Живот больше не болел. Слез больше не было.
Она их выплакала быстро и незаметно.
Тонкая впервые была в богатой и старинной питерской квартире. Всюду сверкала сусальным золотом лепнина, тускло мерцала из золоченых, похожих на пирожные багетов старинная живопись, она даже узнавала художников, вот это Клод Лоррен, а это Тулуз-Лотрек, а это, ну ничего себе, это же Маковский, – всюду, кроме шикарных, хрустальных и грандиозных, как в Мариинке, люстр горели свечи в толстых чугунных шандалах; на накрытых белоснежными скатертями длинных столах стояли аккуратными рядами пустые хрустальные бокалы, а рядом с ними – неоткупоренные среброгорлые, болотно-зеленые кегли, и скоро, через полчаса, после премьеры гениального фильма, лакеи их ловко откроют – и быстро, не успеешь оглянуться, разольют шампанское по бокалам.
Шампанское польется рекой. Коньяк польется рекой. Мартини польется рекой. Ты никогда еще не была на премьере современного итальянского фильма в богатом доме? Так вот побывай.
Тонкая одергивала себя: не надо разглядывать тут ничего, – и все же наивно, изумленно разглядывала, откидывая голову, перебирая дрожащими смущенными пальчиками тонкое кружево на груди.
Устрицы, ведь это же устрицы, вон, на блюдах, разломаны створки, и серое, фу, противное мясо глядит… А это что? Такие вазочки… из теста, и в них всякая всячина – то черные, лаково-гладкие, вспыхивающие смоляными искрами, то кроваво-алые, оранжево-золотые горы крупной, как самоцветы, икры, а в этих – паштет, кажется… ну да… а в этих – ух!.. – очищенные креветочки, о, какие маленькие!..
Тонкая впервые в жизни видела тарталетки. Она впервые в жизни видела завиток из ветчины. Лобстера, распятого на огромной перламутровой тарелище. Дымящихся, только вынутых из кастрюли омаров. Она впервые в жизни видела трюфели, приготовленные в сливочном соусе.
От цвета, от яростно-праздничного колорита стола у нее зарябило в глазах. Написать бы натюрморт, подумала Тонкая тоскливо – и неслышно втянула слюни.
Она глядела на еду, а люди на нее не глядели. Приглашенные на премьеру фильма были заняты собой. Пары беседовали; зеваки ходили и пялились на картины. Молодая девочка, ровесница Тонкой, сидя на корточках, грела руки у камина. Дрова потрескивали. Хорошо пахло смолой, женскими духами, мясом, майонезом и фруктами. Девочка обернулась, почувствовав, что за ней наблюдают. Тонкая чуть не ахнула. Девочка была одноглазая, в безобразном смехе оттопыривалась заячья губа. На красивой, высокой шее девочки сияла низка искусно ограненных алмазов. Брильянты злобно, властно сверкали и в оттянутых книзу мочках.

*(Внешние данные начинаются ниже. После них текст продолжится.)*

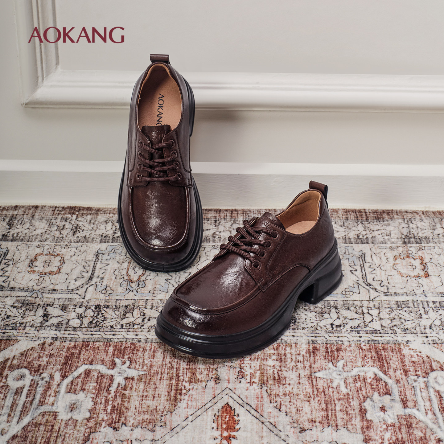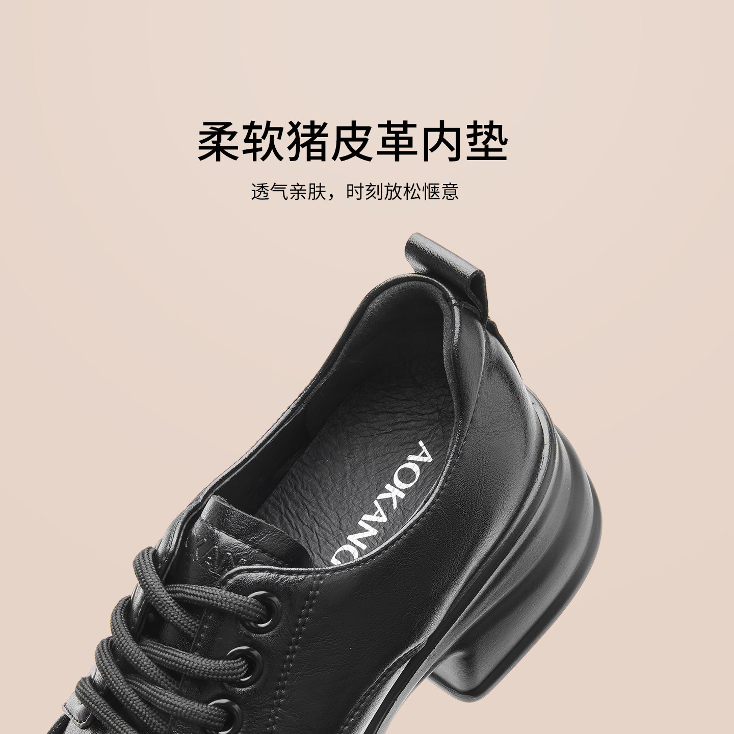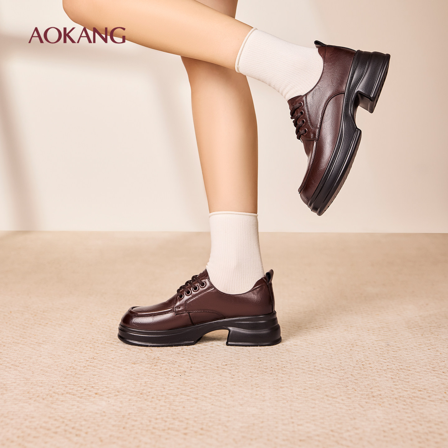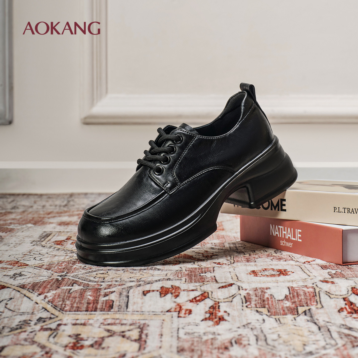 奥康 女鞋2025秋季新款复古乐福鞋黑色女圆头系带百搭厚底小皮鞋

– Паоло, – сказала девочка, не вставая с корточек и глядя снизу вверх, – Паоло! Прего!
Сзади Тонкой зашептали: «Невеста, невеста, ах, бедняжечка, заячья губка какая, ну да ладно, мальчик ее прооперирует, в лучшей клинике, будет как Софи Лорен…»

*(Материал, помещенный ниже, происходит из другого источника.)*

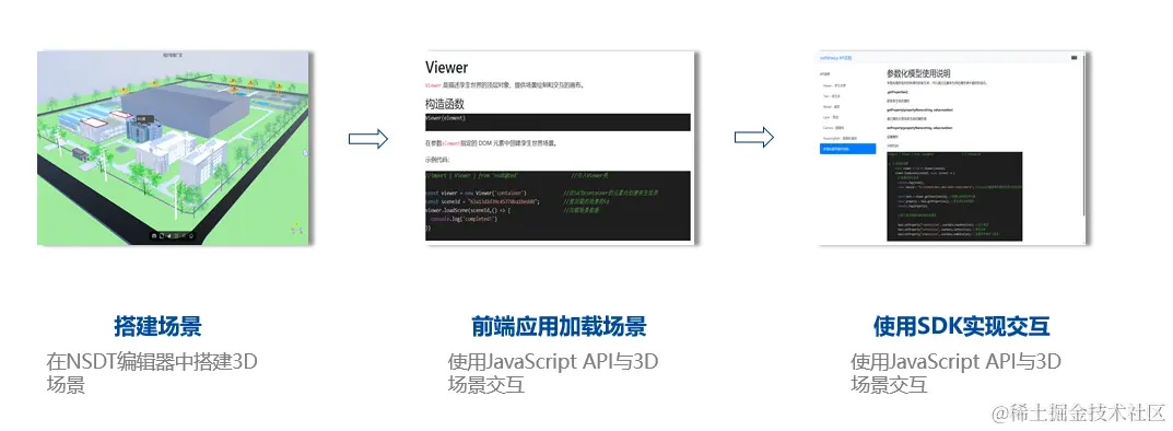 NSDT编辑器简化了WebGL 3D应用的开发,完全兼容Three.JS生态。用户可在自己的应用中嵌入使用NSDT编辑器搭建的3D场景,并通过JS API与场景进行交互。

Чья невеста, какой мальчик, в какой клинике, – метались ненужные, чужие, подслушанные мысли, – а Паоло выбросил руку вперед, указывая гостям на большой, во всю стену, экран, и на экране уже тени бугрились и сшибались, уже голоса доносились, то пронзительно-громкие, то еле слышные, и не понять, что говорили, – говорили по-русски, а за кадром слишком громко бубнил переводчик, на каком языке, Тонкая и не поняла, – это шел и проходил фильм, и Тонкая напрасно старалась его смотреть, нет, у нее перед глазами все стояло лицо этой девочки в баснословно дорогих брильянтах, с заячьей губой, и она все спрашивала себя: чья она невеста? Чья? Чья?